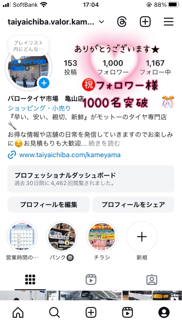 タイヤ市場亀山店ではインスタグラムの更新も頑張っています(`・ω・´)
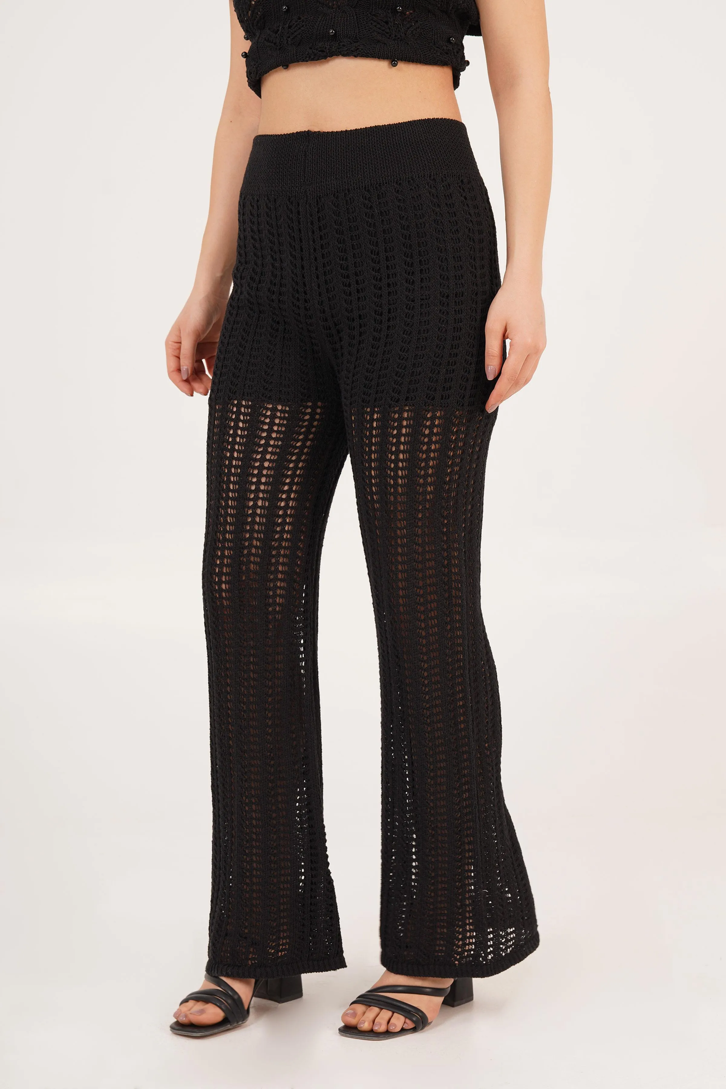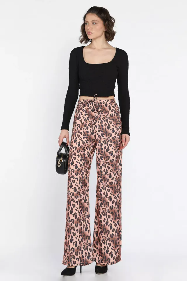 بنطلون نسائي واسع الساق بخصر عالي مع تفصيل توكة مصنوع من قماش مرن يمنح اطلالة يومية انيقة
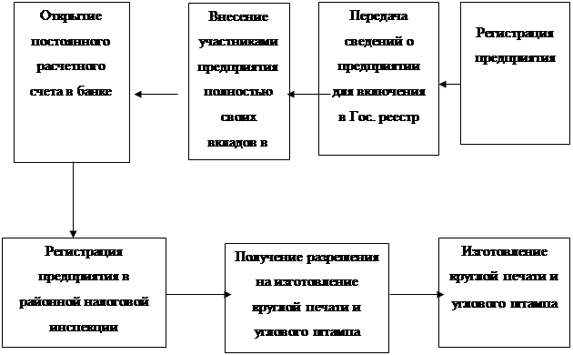 Рисунок 2 – Этапы создания нового предприятия Если предприятие создается как акционерное общество (АО), то его учредителям предстоит также осуществить подписку на акции. При открытой подписке учредители публикуют извещение о предстоящей подписке, где указывают предмет, цели и сроки деятельности будущего АО, состав учредителей и дату проведения учредительной конференции, намечаемый размер уставного фонда, количество и виды акций, их номинальную стоимость, сроки начала и окончания подписки на акции и другие требуемые сведения. Подписавшиеся на акции обязаны до дня созыва учредительной конференции внести не менее 30% их номинальной стоимости. Если все акции распределяются между учредителями, то взнос должен составить не менее 50%. Полностью выкупить акции акционер обязан не позднее года после регистрации акционерного общества. Затем проводится учредительная конференция. В ее задачу входит решение таких вопросов, как: · Создание акционерного общества. · Утверждение устава акционерного общества. · Размер уставного фонда после завершения подписки на акции. · Выбор руководящих органов акционерного общества и др. После успешного завершения учредительной конференции осуществляется регистрация вновь созданного акционерного общества, и оно может начинать функционировать. Но хотелось бы затронуть тему бюрократизма при создании малых предприятий. Отечественный экономист А.П.Потемкин в своем «Открытом письме» сравнивает процедуру государственной регистрации создания предприятия в России с подобной процедурой в Германии. По его подсчетам, чтобы официально получить все разрешительные документы, позволяющие начать бизнес в России, предприятию необходимо потратить 1346 дней. Он называет все бюрократические организации, которые необходимо обойти предпринимателю и указывает предельные сроки преодоления каждой из них. Между тем, создание предприятия в Германии требует преодоления лишь трех процедур: 1) заверение уставных документов у нотариуса (требует один час); 2) открытие счета предприятия в банке (20 минут); 3) регистрация автотранспорта фирмы (40 минут) [17, с. 28]. Итого вся процедура занимает два часа. При этом после первых двух процедур предприниматель, не дожидаясь регистрации своего вновь созданного предприятия в Торгово-промышленной палате Германии, может заниматься любым бизнесом: производством, торговлей, сервисом – всеми видами деятельности, которые не противоречат законам Германии. Автор считает, что подобная процедура показательна для всех стран ЕС и своему процветанию они обязаны в значительной степени простой разрешительной процедуре создания новых предприятий. 2.1 Организационно – правовые формы предприятий малого бизнеса В соответствии с Гражданским кодексом РФ в стране создаются следующие организационно-правовые формы малого бизнеса: · Хозяйственные товарищества. · Хозяйственные общества. · Производственные кооперативы. · Государственные и муниципальные унитарные предприятия. Хозяйственные товарищества могут создаваться в форме полного товарищества и товарищества на вере (коммандитного) [17, с. 97]. Полное товарищество – это товарищество, участники которого заключили между собой договор о создании предприятия для совместного ведения хозяйственной деятельности. Источником формирования имущества по
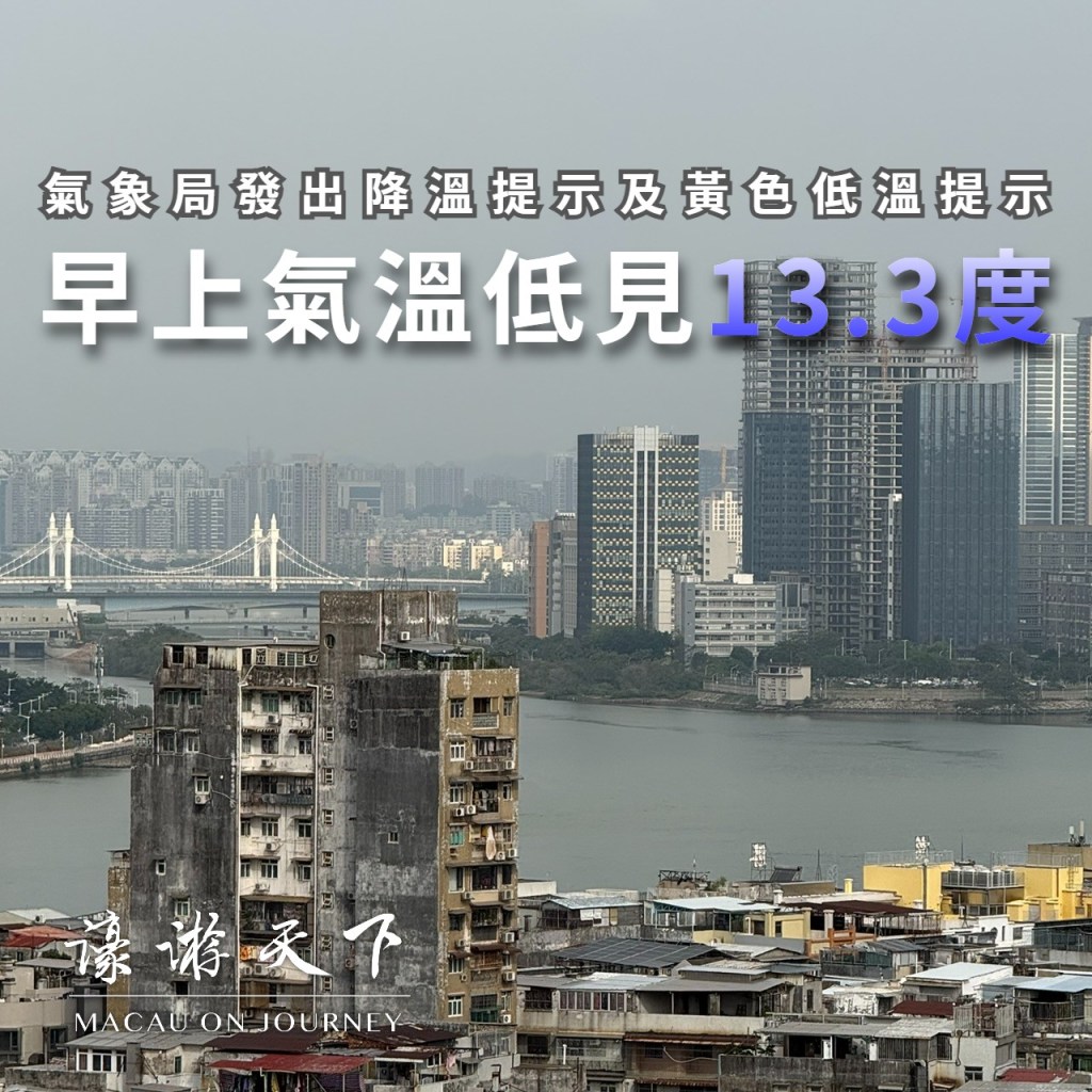 氣象局已發出黃色低溫提示,預料本澳未來數日天氣持續寒冷,呼籲市民適當添衣,注意保暖。
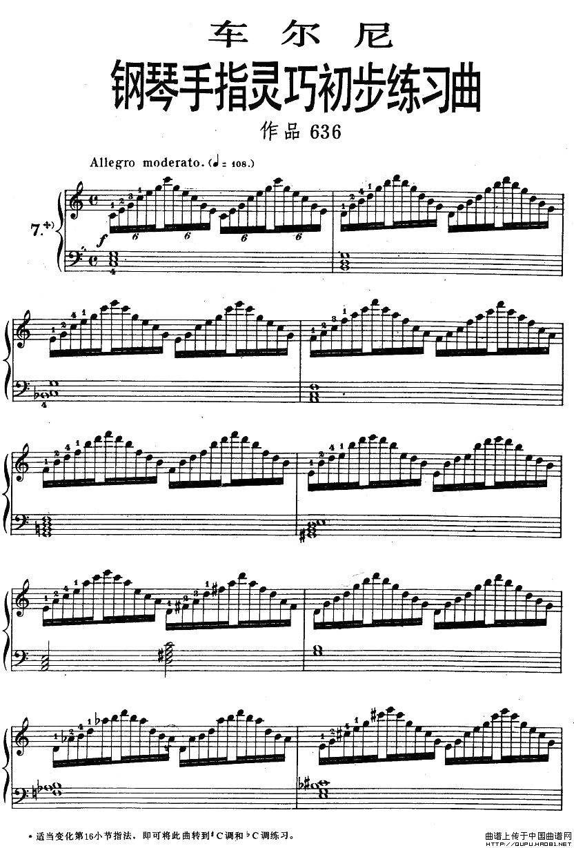 温馨提示:想要保存车尔尼钢琴手指灵巧初步练习曲之七,助力手指灵活弹奏曲谱?在曲谱图片上单击右键,选择"图片另存为...",即可将该曲谱保存到您的电脑本地,想要打印出来?将图片插入到WORD中,调整合适到大小打印即可。
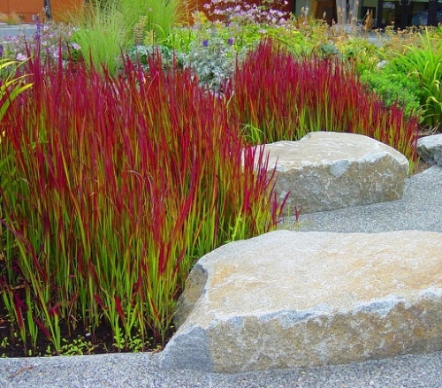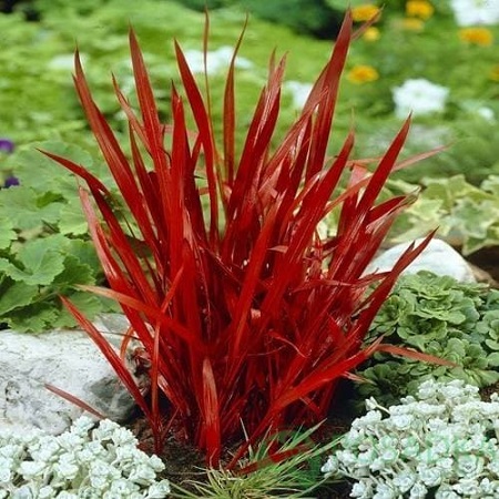 Злак, высотой 80 см имеющий необычную окраску листьев. Молодые листики ярко-зеленые, с винно-красными кончиками, при отрастании все более и более краснеют. По мере приближения конца сезона и осенью приобретают кроваво-красный оттенок. В условиях средней полосы практически не цветет. Название латинское: Imperata cilindrica 'Red Baron' Особенности выращивания и ухода: Выдерживает полутень, но максимальной декоративности достигает только на открытом солнечном теплом месте. Почва хорошо дренированная, застойной сырости не переносит. Использование: Сорт незаменим для японского садика, в контрастных цветниках, хорош как акцентное растение, может выращиваться в контейнерах.
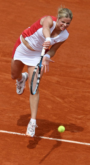 Kim Clijsters of Belgium serves to Slovakia's Daniela Hantuchova during the French Open tennis tournament at Roland Garros in Paris, June 4, 2006.[Reuters]
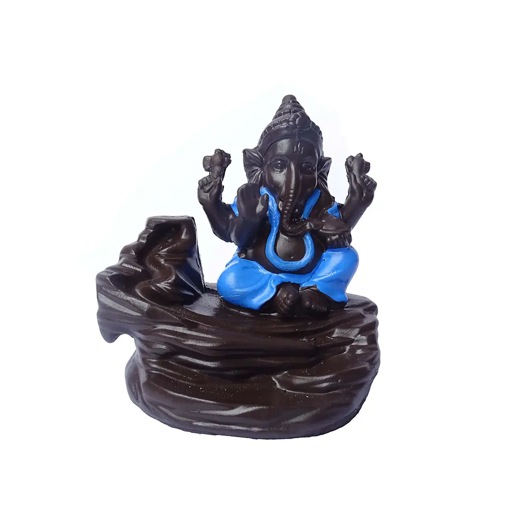 Invite the blessings of the Vighnaharta (Remover of Obstacles) into your life with the Blue Dhoti Lord Ganesha Resin Backflow Incense Burner. While traditional idols often feature red or orange, this unique piece showcases Lord Ganesha in bright blue, a color associated with the infinite (like the sky and ocean), stability, and deep wisdom.
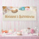 Welcome guests to your under the sea themed quinceanera party or other beach-themed special event with this custom banner featuring a pretty and colourful seashells border and your own text in gold coloured script lettering.
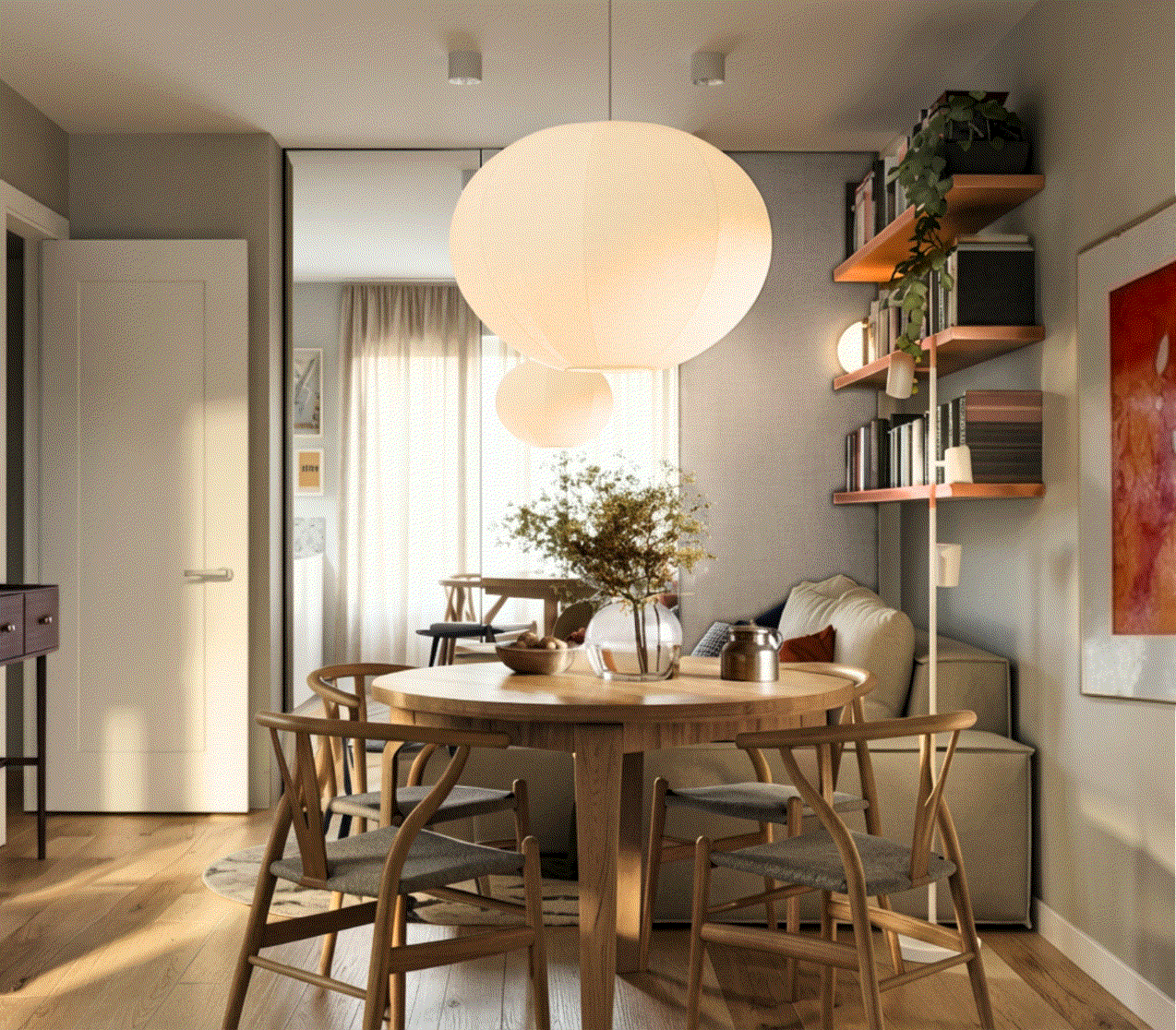 Okrągły, rozkładany stół i lekkie drewniane krzesła nie dominują przestrzeni, ale naturalnie ją dopełniają. Dzięki temu jadalnia pozostaje częścią salonu i codzienne życie może swobodnie toczyć się wokół stołu.

### Problem
Wherever the listing shows a picture, omit it and output the rest exactly as given.

### Reply to the exercise
 タイヤ市場亀山店ではインスタグラムの更新も頑張っています(`・ω・´)
 بنطلون نسائي واسع الساق بخصر عالي مع تفصيل توكة مصنوع من قماش مرن يمنح اطلالة يومية انيقة
 Рисунок 2 – Этапы создания нового предприятия Если предприятие создается как акционерное общество (АО), то его учредителям предстоит также осуществить подписку на акции. При открытой подписке учредители публикуют извещение о предстоящей подписке, где указывают предмет, цели и сроки деятельности будущего АО, состав учредителей и дату проведения учредительной конференции, намечаемый размер уставного фонда, количество и виды акций, их номинальную стоимость, сроки начала и окончания подписки на акции и другие требуемые сведения. Подписавшиеся на акции обязаны до дня созыва учредительной конференции внести не менее 30% их номинальной стоимости. Если все акции распределяются между учредителями, то взнос должен составить не менее 50%. Полностью выкупить акции акционер обязан не позднее года после регистрации акционерного общества. Затем проводится учредительная конференция. В ее задачу входит решение таких вопросов, как: · Создание акционерного общества. · Утверждение устава акционерного общества. · Размер уставного фонда после завершения подписки на акции. · Выбор руководящих органов акционерного общества и др. После успешного завершения учредительной конференции осуществляется регистрация вновь созданного акционерного общества, и оно может начинать функционировать. Но хотелось бы затронуть тему бюрократизма при создании малых предприятий. Отечественный экономист А.П.Потемкин в своем «Открытом письме» сравнивает процедуру государственной регистрации создания предприятия в России с подобной процедурой в Германии. По его подсчетам, чтобы официально получить все разрешительные документы, позволяющие начать бизнес в России, предприятию необходимо потратить 1346 дней. Он называет все бюрократические организации, которые необходимо обойти предпринимателю и указывает предельные сроки преодоления каждой из них. Между тем, создание предприятия в Германии требует преодоления лишь трех процедур: 1) заверение уставных документов у нотариуса (требует один час); 2) открытие счета предприятия в банке (20 минут); 3) регистрация автотранспорта фирмы (40 минут) [17, с. 28]. Итого вся процедура занимает два часа. При этом после первых двух процедур предприниматель, не дожидаясь регистрации своего вновь созданного предприятия в Торгово-промышленной палате Германии, может заниматься любым бизнесом: производством, торговлей, сервисом – всеми видами деятельности, которые не противоречат законам Германии. Автор считает, что подобная процедура показательна для всех стран ЕС и своему процветанию они обязаны в значительной степени простой разрешительной процедуре создания новых предприятий. 2.1 Организационно – правовые формы предприятий малого бизнеса В соответствии с Гражданским кодексом РФ в стране создаются следующие организационно-правовые формы малого бизнеса: · Хозяйственные товарищества. · Хозяйственные общества. · Производственные кооперативы. · Государственные и муниципальные унитарные предприятия. Хозяйственные товарищества могут создаваться в форме полного товарищества и товарищества на вере (коммандитного) [17, с. 97]. Полное товарищество – это товарищество, участники которого заключили между собой договор о создании предприятия для совместного ведения хозяйственной деятельности. Источником формирования имущества по
 氣象局已發出黃色低溫提示,預料本澳未來數日天氣持續寒冷,呼籲市民適當添衣,注意保暖。
 温馨提示:想要保存车尔尼钢琴手指灵巧初步练习曲之七,助力手指灵活弹奏曲谱?在曲谱图片上单击右键,选择"图片另存为...",即可将该曲谱保存到您的电脑本地,想要打印出来?将图片插入到WORD中,调整合适到大小打印即可。
 Злак, высотой 80 см имеющий необычную окраску листьев. Молодые листики ярко-зеленые, с винно-красными кончиками, при отрастании все более и более краснеют. По мере приближения конца сезона и осенью приобретают кроваво-красный оттенок. В условиях средней полосы практически не цветет. Название латинское: Imperata cilindrica 'Red Baron' Особенности выращивания и ухода: Выдерживает полутень, но максимальной декоративности достигает только на открытом солнечном теплом месте. Почва хорошо дренированная, застойной сырости не переносит. Использование: Сорт незаменим для японского садика, в контрастных цветниках, хорош как акцентное растение, может выращиваться в контейнерах.
 Kim Clijsters of Belgium serves to Slovakia's Daniela Hantuchova during the French Open tennis tournament at Roland Garros in Paris, June 4, 2006.[Reuters]
 Invite the blessings of the Vighnaharta (Remover of Obstacles) into your life with the Blue Dhoti Lord Ganesha Resin Backflow Incense Burner. While traditional idols often feature red or orange, this unique piece showcases Lord Ganesha in bright blue, a color associated with the infinite (like the sky and ocean), stability, and deep wisdom.
 Welcome guests to your under the sea themed quinceanera party or other beach-themed special event with this custom banner featuring a pretty and colourful seashells border and your own text in gold coloured script lettering.
 Okrągły, rozkładany stół i lekkie drewniane krzesła nie dominują przestrzeni, ale naturalnie ją dopełniają. Dzięki temu jadalnia pozostaje częścią salonu i codzienne życie może swobodnie toczyć się wokół stołu.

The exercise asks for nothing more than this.